最近、福島第一原発の状況について、あまり注目されることがなくなっている。しかし、福島第一原発は、人びとが意識していようがいまいが、厳然と存在している。確かに、1号機・2号機・3号機は水で冷却され、直近に爆発する可能性は少なくなっている。4号機の燃料プールからの燃料棒の取り出しも始まった。しかし、福島第一原発からの汚染水の流出は止まっていない。また、原子炉を冷却した後の汚染水も鉄製貯蔵タンクにためこまれている。

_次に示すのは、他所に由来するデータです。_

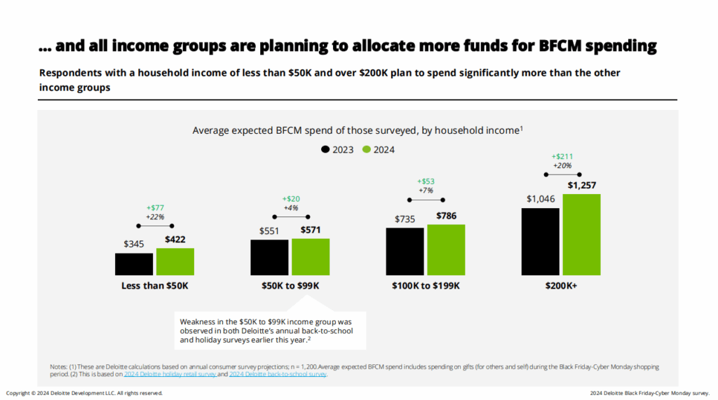 People with lower incomes were planning to spend more in 2024, which means that they were feeling more confident or eager to take advantage of good deals. On the other hand, those with higher incomes were still the biggest spenders overall, played a major role in driving holiday sales.

さらに、この鉄製貯蔵タンク自体が問題となっている。1月9日付の次の読売新聞の報道をみてほしい。

汚染水タンクからX線、対策怠り基準の8倍超

 福島第一原子力発電所で、汚染水タンクから発生するエックス線の影響を東京電力が軽視し、対策を講じないままタンクを増設し続けていることが9日わかった。

 国が昨年8月に認可した廃炉の実施計画では、原発敷地境界の線量を「年1ミリ・シーベルト未満にする」と定めているが、12月には一部で年8ミリ・シーベルトの水準を超えた。

 現在、周辺に人は住んでいないが、作業員の被曝ひばく量を増やす要因になっている可能性がある。原子力規制委員会は10日に東電を呼び、対策の検討に入る。

 タンク内の汚染水から出る放射線は主にベータ線で、物を通り抜ける力が弱い。しかし、ベータ線がタンクの鉄に当たると、通り抜ける力の強いエックス線が発生し、遠方まで達する。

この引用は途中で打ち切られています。